# Alterring a program

1. Jun 6, 2010

### philosafari

I found this code on my computer a while ago, and I want to adjust the algorithm so that I can have a zero pivot, whereas now the program will try to divide by zero and gives the #undef message that we all know and love. Is there another type of Gaussian Elimination that I can look into?
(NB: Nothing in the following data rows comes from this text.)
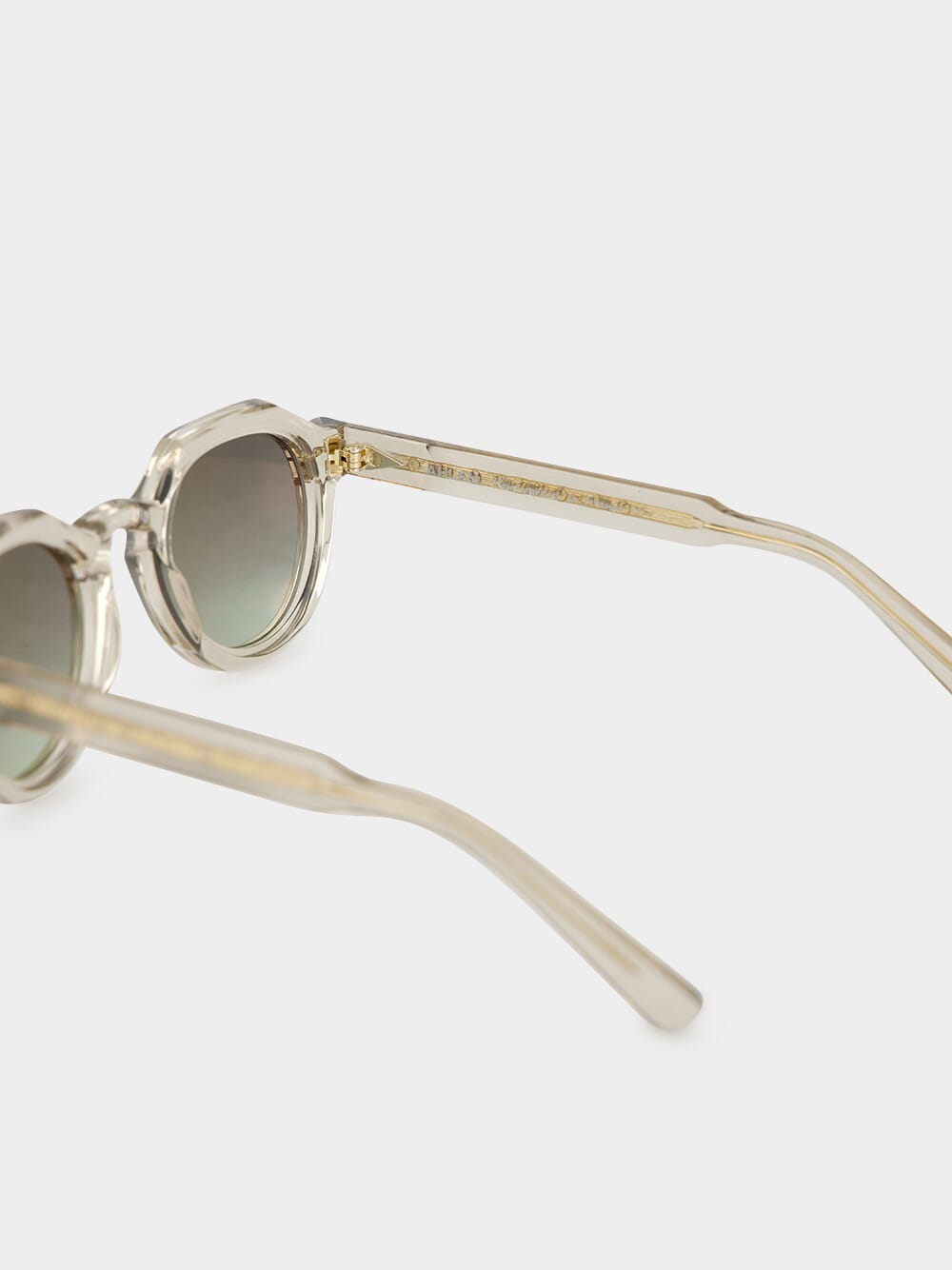 The NovemberLight Grenelle Round Sunglasses, a signature design from AHLEM, combine architectural elegance with premium craftsmanship. Made from 8mm thick, plant-based Italian acetate, they feature a keyhole bridge and beveled temples with an iconic filigree engraved core-wire for added depth. The hardware is crafted from premium steel, electro-dipped in Palladium and 22k gold for durability and luxury. These sunglasses also feature exclusive 5-barrel hinges with thread lock technology and nylon lenses with double-dipped scratch resistance and 100% UV protection. Handcrafted in France, the Grenelle sunglasses are a sophisticated and timeless accessory.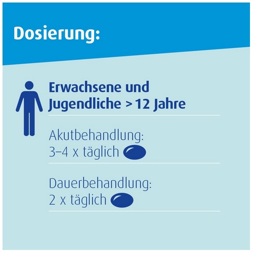 - Zur Weiter- und Dauerbehandlung reicht im Allgemeinen 2 x tgl. 1 Kapsel aus.
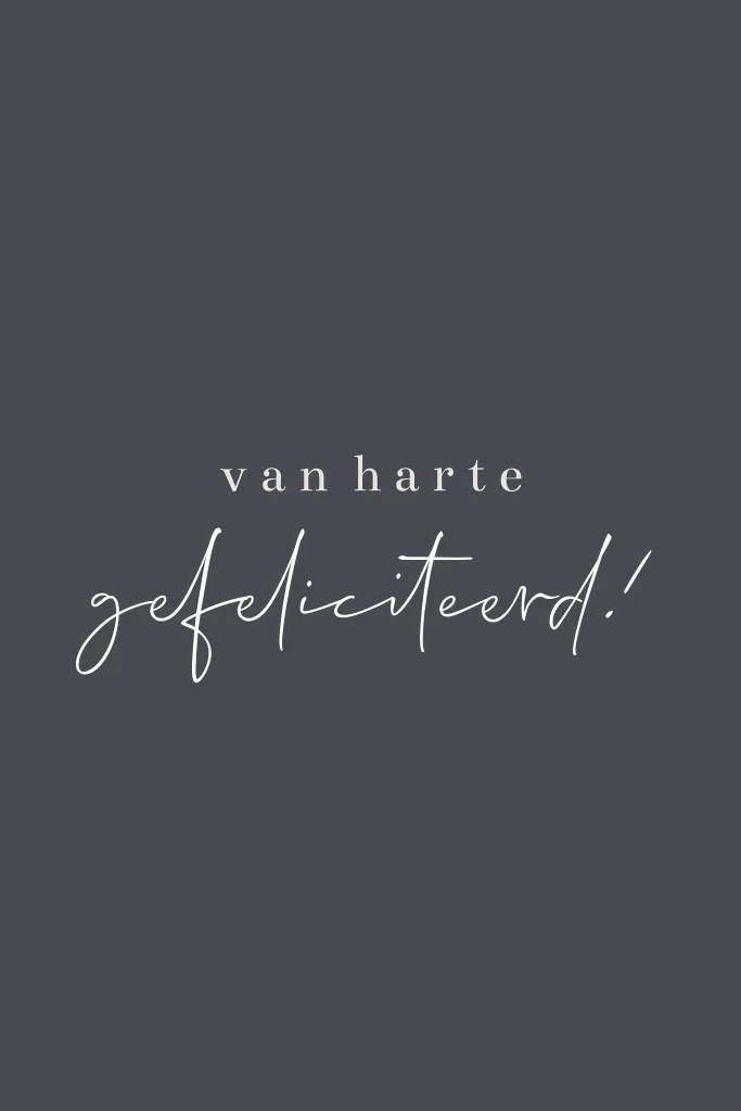 Een rustige minimalistische donkerblauwe staande wenskaart voor een verjaardag of andere feestelijke gelegenheid met de tekst 'van harte gefeliciteerd!'.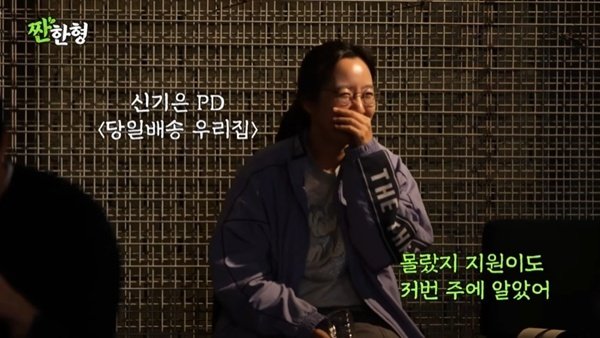 MC 신동엽이 '당일배송 우리집' PD가 가수 민경훈의 아내인 신기은 PD라고 언급해 시선을 모았다.

I only include the source code so that you can see what algorithm I'm currently using.
Code (Text):
#include <stdlib.h>
#include <iostream>
#include <iomanip>
#include <cmath>
#include <new>
using namespace std;

double** matrixAlloc(int, int);
double* vectorAlloc(int);
void matrixFree(double**, int);
void vectorFree(double*);
void matrixPrint(double**, int);
void vectorPrint(double*, int);

int main()
{
double** a;
double* b;
double x, sum, r;
int n;

cout <<  "******* gaussian elimination *******" << endl << endl;
cout << "Input number of equations n=" << endl;
cin >> n;

a = matrixAlloc(n, n);
b = vectorAlloc(n);

cout << "Input matrix coefficients a(i,j)=" << endl;
for ( int i = 0; i < n; i++)
for ( int j = 0; j < n; j++)
cin >> a[i][j];

cout << "Input right-hand side vector b(i)" << endl;
for (int i = 0; i < n; i++)
cin >> b[i];

cout << endl << endl;
cout << "Coefficient matrix A:" << endl;
matrixPrint(a, n);
cout << "Right-hand-side vector b:" << endl;
vectorPrint(b, n);

// convert to upper triangular form
for (int k=0;k<n-1;k++)
{
if ( fabs(a[k][k])>=1.e-6)
{
for (int i=k+1;i<n;i++)
{
x = a[i][k]/a[k][k];
for (int j=k+1;j<n;j++) a[i][j] = a[i][j] -a[k][j]*x;
b[i] = b[i] - b[k]*x;
}
}
}

// back substituti n
b[n-1]=b[n-1]/a[n-1][n-1];
for ( int i = n-2; i >= 0; i--)
{
sum = b[i];
for (int j = i+1; j < n; j++)
sum = sum - a[i][j]*b[j];
b[i] = sum/a[i][i];
}

cout << "Solution:" << endl;
vectorPrint(b, n);

matrixFree(a, n);
vectorFree(b);

cout << "Input \'q\' to quit ...\n";
cin >> r;
return 0;
}

double** matrixAlloc(int n, int m)
{
double** p;

try {
p = new double* [n];
for ( int i = 0; i < n; i++ )
p[i] = new double[m];
}
cout << "Exception occurred: "
<< e.what() << endl;
}

return p;
}

double* vectorAlloc(int n)
{
double* p;

try {
p = new double[n];
}
cout << "Exception occurred: "
<< e.what() << endl;
}

return p;
}

void matrixFree(double** p, int n)
{
for ( int i = 0; i < n; i++)
delete[] p[i];
delete[] p;
p = 0;
}

void vectorFree(double* p)
{
delete[] p;
p = 0;
}

void matrixPrint(double** p, int n)
{
for ( int i = 0; i < n; i++)
{
for ( int j = 0; j < n; j++)
cout << setiosflags(ios::showpoint | ios::fixed | ios::right)
<< setprecision(4)
<< setw(12) << p[i][j];
cout << endl;
}
}

void vectorPrint(double* p, int n)
{
for ( int i = 0; i < n; i++)
cout << setiosflags(ios::showpoint | ios::fixed | ios::right)
<< setprecision(4)
<< setw(12) << p[i];
cout << endl << endl;
}

2. Jun 7, 2010

### Bill Simpson

In the nested loops following
// convert to upper triangular form
ensure, if possible, that the k'th entry in the k'th row is nonzero.
One way this could be done, if possible, is by swapping a pair of rows.